- **WORK INSTRUCTION**: Without any of their pictures, return all of the records exactly.

┄┄┄┄┄┄

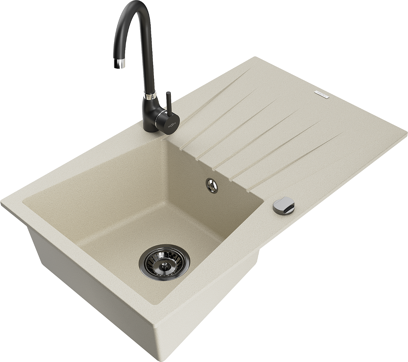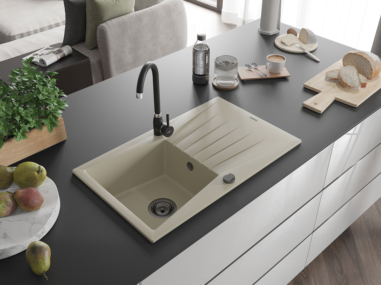 Mexen Cesar granitinė vienos kameros kriauklė su nuvarvėjimo zona ir Telma virtuviniu maišytuvu, smėlio spalvos
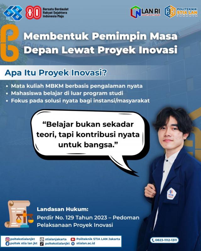 Jakarta, INDONEWS.ID – Politeknik STIA LAN Jakarta terus membuktikan komitmennya dalam mencetak lulusan yang adaptif, inovatif, dan berdampak nyata bagi masyarakat. Salah satu program unggulan yang menjadi manifestasi dari kebijakan Merdeka Belajar Kampus Merdeka (MBKM) adalah Proyek Inovasi, sebuah mata kuliah yang mengintegrasikan pembelajaran di luar kelas dengan penyelesaian masalah di lapangan.
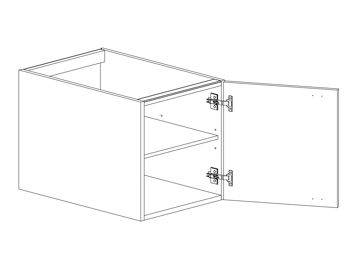 Bänkskåp med lucka och en hylla, välj höger- eller vänsterhängd lucka (bredd 800 mm har parluckor). Välj front och utförande. Skåpet finns i flera bredder.
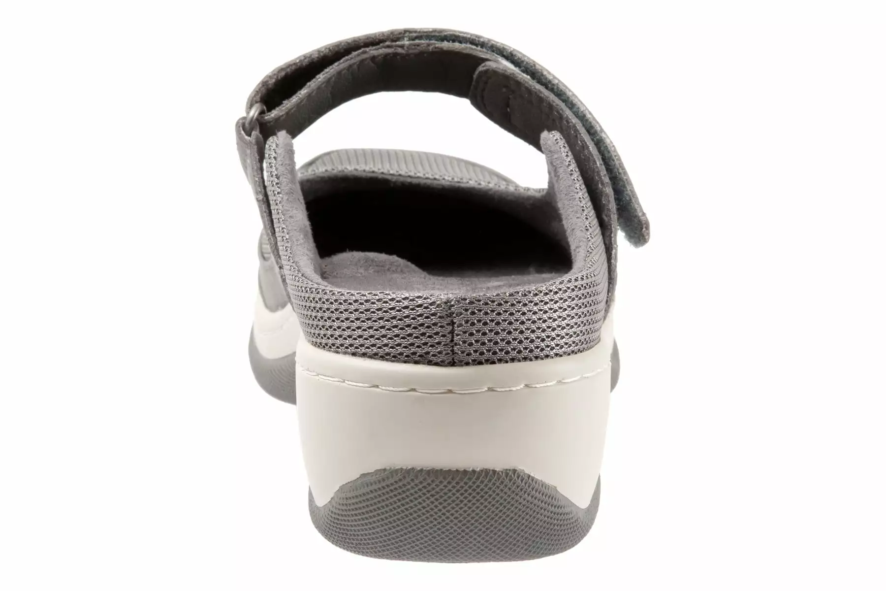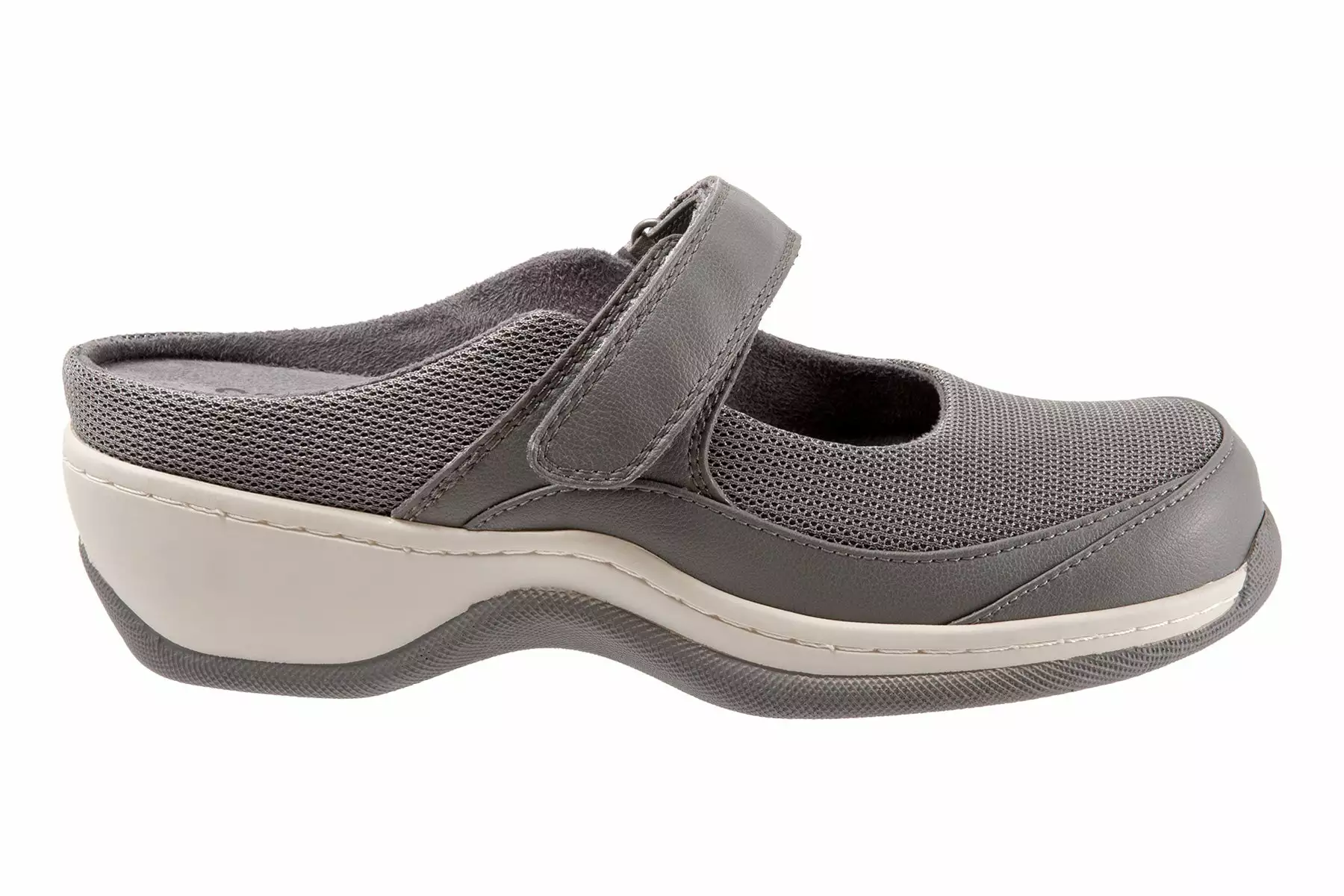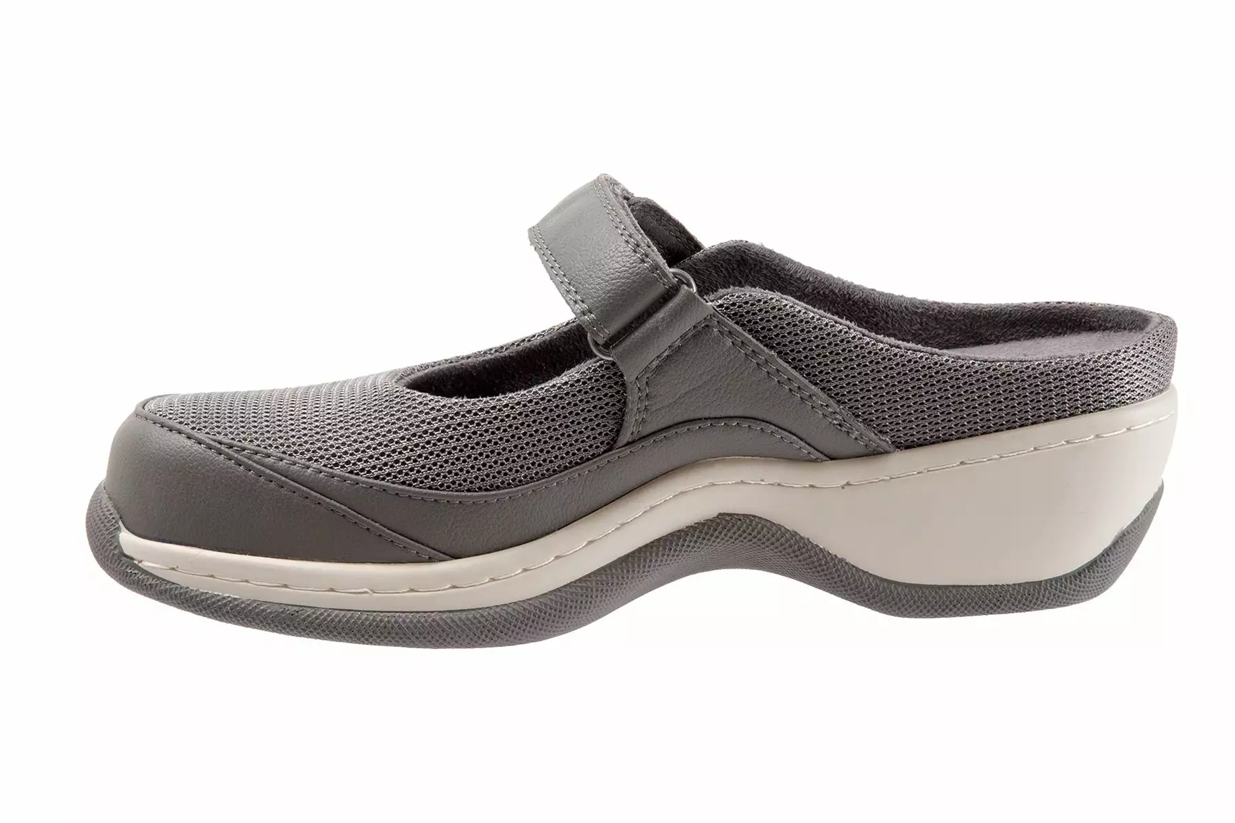 Softwalk Arcadia is an adjustable and versatile Mary Jane clog. A mesh leather upper, removable footbed, cushioned insole and PU outsole makes these clogs. An instep hook and loop strap provides support, while a memory foam cushioned midsole provides added comfort.
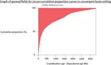 Detrital zircon geochronology has become increasingly popular in geological studies from the 2000s mainly due to the advancement in radiometric dating techniques.[1][2] Detrital zircon age data can be used to constrain the maximum depositional age, determine provenance,[3] and reconstruct the tectonic setting on a regional scale.[4]
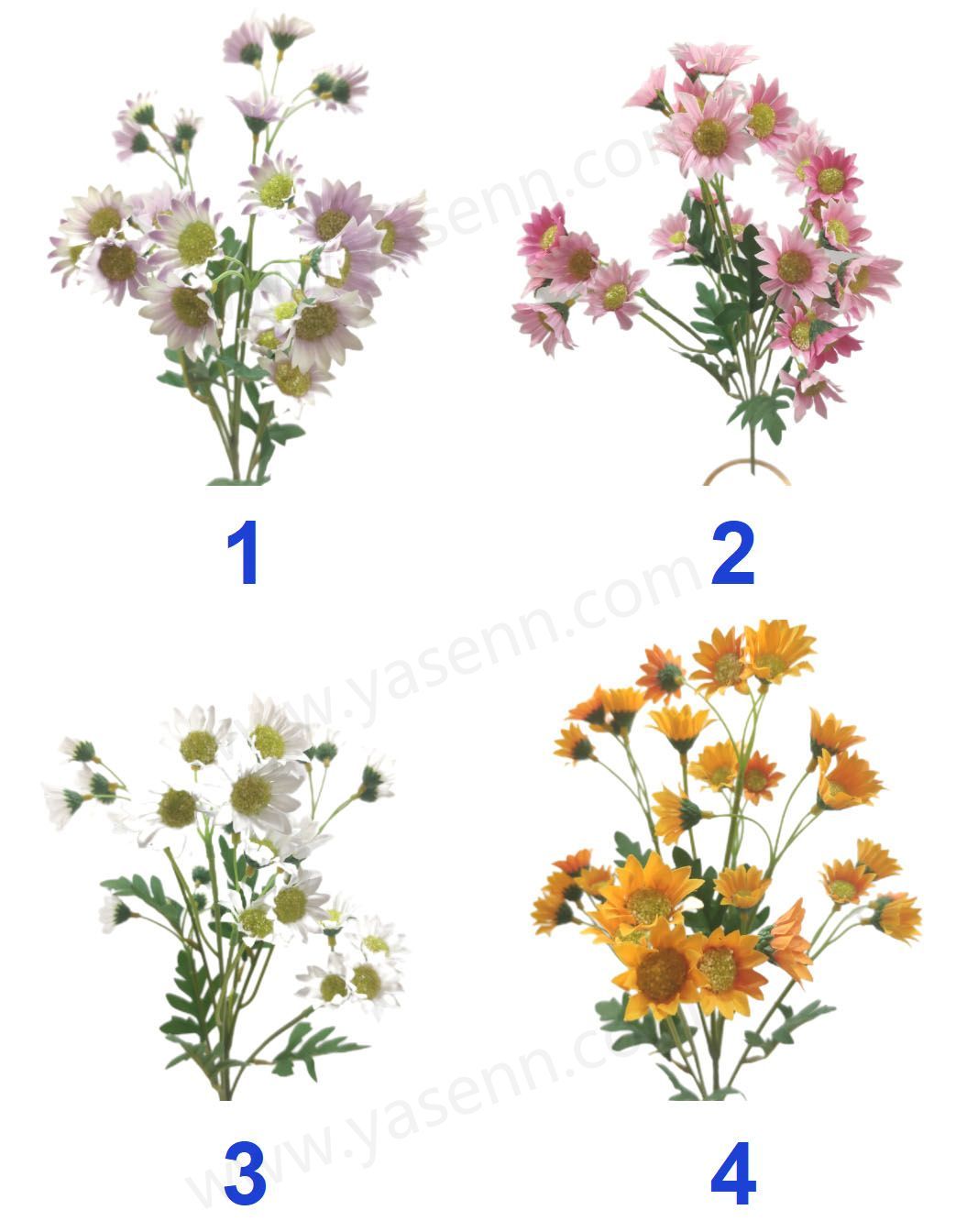 Description:HEIGHT 60CM/4 BRANCHES DAISY/17PCS BIG FLOWERS 14PCS SMALL FLOWERS/DIA 3.5CM 2.5CM/1 LAYERS/PONGEE/6PCS LEAVES

┄┄┄┄┄┄

- **TASK RESULT**:
 Mexen Cesar granitinė vienos kameros kriauklė su nuvarvėjimo zona ir Telma virtuviniu maišytuvu, smėlio spalvos
 Jakarta, INDONEWS.ID – Politeknik STIA LAN Jakarta terus membuktikan komitmennya dalam mencetak lulusan yang adaptif, inovatif, dan berdampak nyata bagi masyarakat. Salah satu program unggulan yang menjadi manifestasi dari kebijakan Merdeka Belajar Kampus Merdeka (MBKM) adalah Proyek Inovasi, sebuah mata kuliah yang mengintegrasikan pembelajaran di luar kelas dengan penyelesaian masalah di lapangan.
 Bänkskåp med lucka och en hylla, välj höger- eller vänsterhängd lucka (bredd 800 mm har parluckor). Välj front och utförande. Skåpet finns i flera bredder.
 Softwalk Arcadia is an adjustable and versatile Mary Jane clog. A mesh leather upper, removable footbed, cushioned insole and PU outsole makes these clogs. An instep hook and loop strap provides support, while a memory foam cushioned midsole provides added comfort.
 Detrital zircon geochronology has become increasingly popular in geological studies from the 2000s mainly due to the advancement in radiometric dating techniques.[1][2] Detrital zircon age data can be used to constrain the maximum depositional age, determine provenance,[3] and reconstruct the tectonic setting on a regional scale.[4]
 Description:HEIGHT 60CM/4 BRANCHES DAISY/17PCS BIG FLOWERS 14PCS SMALL FLOWERS/DIA 3.5CM 2.5CM/1 LAYERS/PONGEE/6PCS LEAVES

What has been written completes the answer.